How Mormons – like Romney – cultivate business savvy early on

Shouldering responsibility from childhood – conducting meetings, raising money, and giving talks for adult crowds – Mormon boys learn skills that can them succeed in business. Some Mormons, like Mitt Romney, go on to have extraordinary business success.

Sue Ogrocki/AP/File
In this file photo last week, Republican presidential candidate Mitt Romney speaks in Oklahoma City. Romney's Mormon background, and the responsibility it puts on boys at an early age, is one reason for his business success.

In laying groundwork for a successful business career, it helps to become a religious leader at age 12.

That's when Mormon boys receive the first mantle of authority as deacons in the Church of Jesus Christ of Latter-day Saints (LDS), which has no professional clergy but vests ordinary people with religious duties, at young ages. Boys conduct meetings, raise money, and give talks for adult crowds while they're still settling into middle school.

Shouldering responsibility from childhood, according to scholars and observers, helps account for extraordinary success among executives such as Mitt Romney, who built a fortune in venture capital before seeking the GOP presidential nomination.

He's far from alone. Mormons have held top jobs at a range of brand-name organizations, from JetBlue to American Express, Marriott International to the Boston Celtics.

To be sure, the stereotype can be misleading. Plenty of America's 6.1 million Mormons don't climb the corporate ladder. The church does not aim to turn out C-suite executives. The connection between the religion and business leadership is more subtle than that, ob-servers say. For a child who has talent and ambition, the cultural conditioning the church gives can translate into a leg up in corporate America.

"You do see a disproportionate percentage of Mormons who have decent organizational and managerial skills," says Jeff Benedict, a Mormon journalist who profiles executives in his book "The Mormon Way of Doing Business: Leadership and Success Through Faith and Family." "That's because, at a very young age, Mormon kids are given responsibilities and taught to organize."

Mormons need no convincing that religious experience enhances business success. The LDS Church strongly encourages men at age 19 to go on a full-time, two-year mission to help grow church ranks. (Women go on missions in their early 20s, though it's not as strongly encouraged for them, and few move into executive positions in the business world. Eighty percent of American Mormons say their mission experiences, which often include living abroad and the toughening that comes with knocking on doors, have been very valuable in preparing them for a career, according to a fall 2011 Pew Forum survey.

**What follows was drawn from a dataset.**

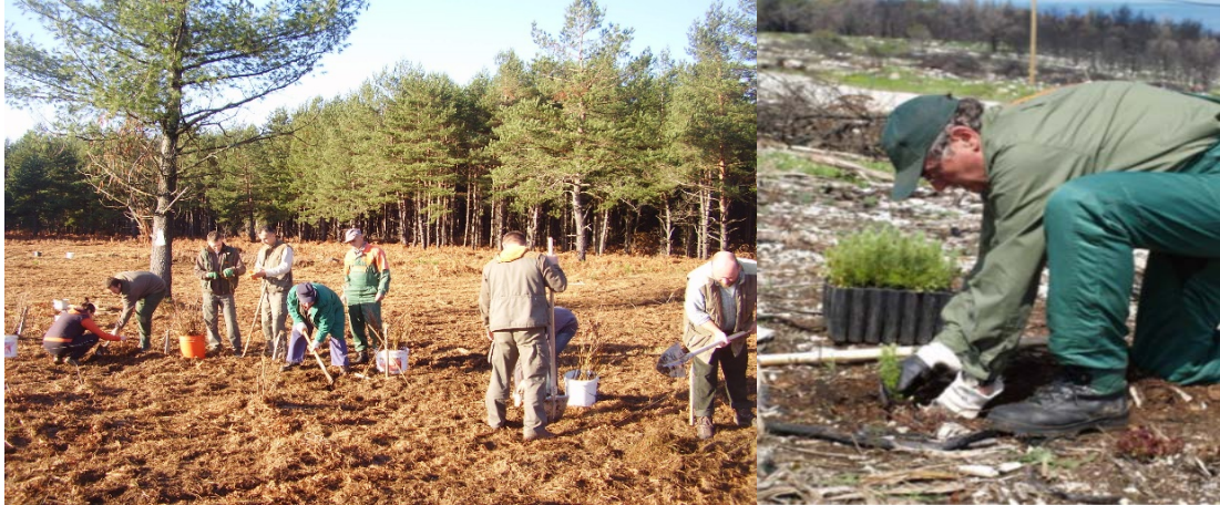
Slika 20. Ručna sadnja sadnica

Sjetva sjemena i sadnja sadnica može se obavljati ručno i strojno. Šumski radnici prilikom rada na sjetvi i sadnji upotrebljavaju razne alate i strojeve: motiku, kramp, štijaću, klinolike lopate, trnokop, škare raznih veličina (ručne i hidraulične), sjekire i druge pomoćne alate.

Missions, however, are but a capstone on years of religious upbringing that inculcates problem solving, communication, diligence, and teamwork.

"Our graduates tend to be solid managers and executive types, but they're not shooting stars who get huge salaries and move up quickly," says Joseph Ogden, assistant dean at Brigham Young University's Marriott School of Business, where more than 90 percent of the 3,000 students are Mormons. "They tend to be more steady, [and] that comes from the culture." The Marriott School itself may not have the cachet of a Harvard or Stanford, but it does rank No. 34 among 441 US business schools rated by U.S. News & World Report this year.

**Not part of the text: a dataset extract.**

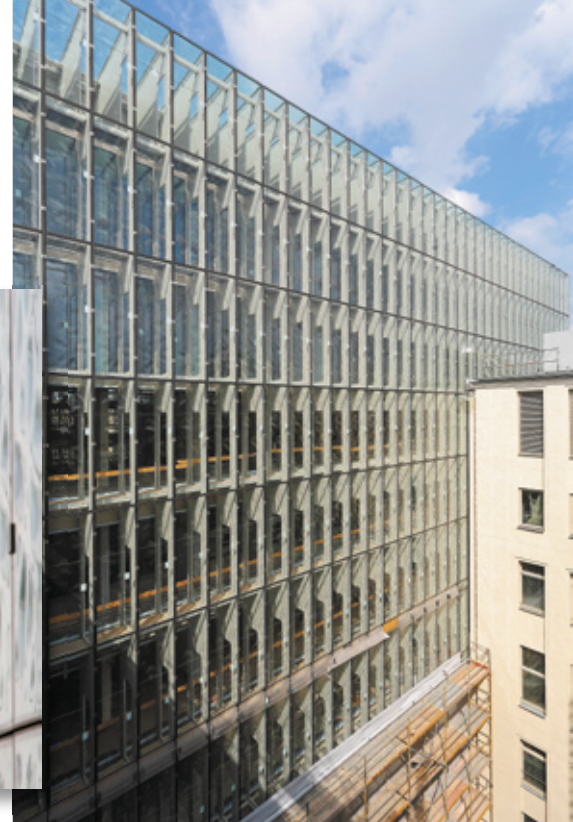
Mit der grossen Fensterfront lässt sich das Tageslicht optimal nutzen.

Massgeschneiderte Beleuchtung mit Tages- und Kunstlicht

Founded in the mid-19th century, early Mormonism emphasized economic communalism, not capitalism, according to Matthew Bowman, author of "The Mormon People: The Making of an American Faith." That changed toward the end of the 19th century with cultural assimilation. By the mid-20th century, a process called "correlation" was regularizing church systems across the globe in accordance with American corporate culture and values.

Since the majority of Mormons (58 percent) believe marriages are most satisfying when women stay home, men tend to be their family's sole bread-winners and gravitate when possible toward well-paying, stable jobs. That often means drawing on traits honed in congregational life.

"I've been in business situations where things are absolutely unraveling and people are freaking out, [but] it didn't even faze me," says Tim Merritt, chief sales officer at Via Response Technologies in Orlando, Fla., who credits church responsibilities that felt daunting – working with special needs kids, for instance – for his ability to stay cool under pressure.

Entrepreneur Scott Johnson, of Highland, Utah, says he learned humility and calm resolve on a two-year mission in Brazil, where locals sometimes spit on him and sent dogs after him. Yet it was at home in a Utah congregation that traits were honed into practical skills.

"People don't just volunteer for positions in the church. They're called to particular positions," says Mr. Johnson, who launched AtTask, a Utah-based Internet company with 300 employees and $32 million in revenues. As a 12-year-old, Johnson served as executive secretary for his deacon group of peers, which meant running meetings and keeping track of delegated responsibilities. "The answer [to a challenge is]: 'Go pray about it, get revelation, and you'll be fine....' You sort of learn on the job."

Now Johnson comfortably supports his wife and five children on a salary tied to his roles as AtTask's chairman and largest shareholder. He has high hopes for all his kids, including a 12-year-old son, who's recently become executive secretary of his deacon group.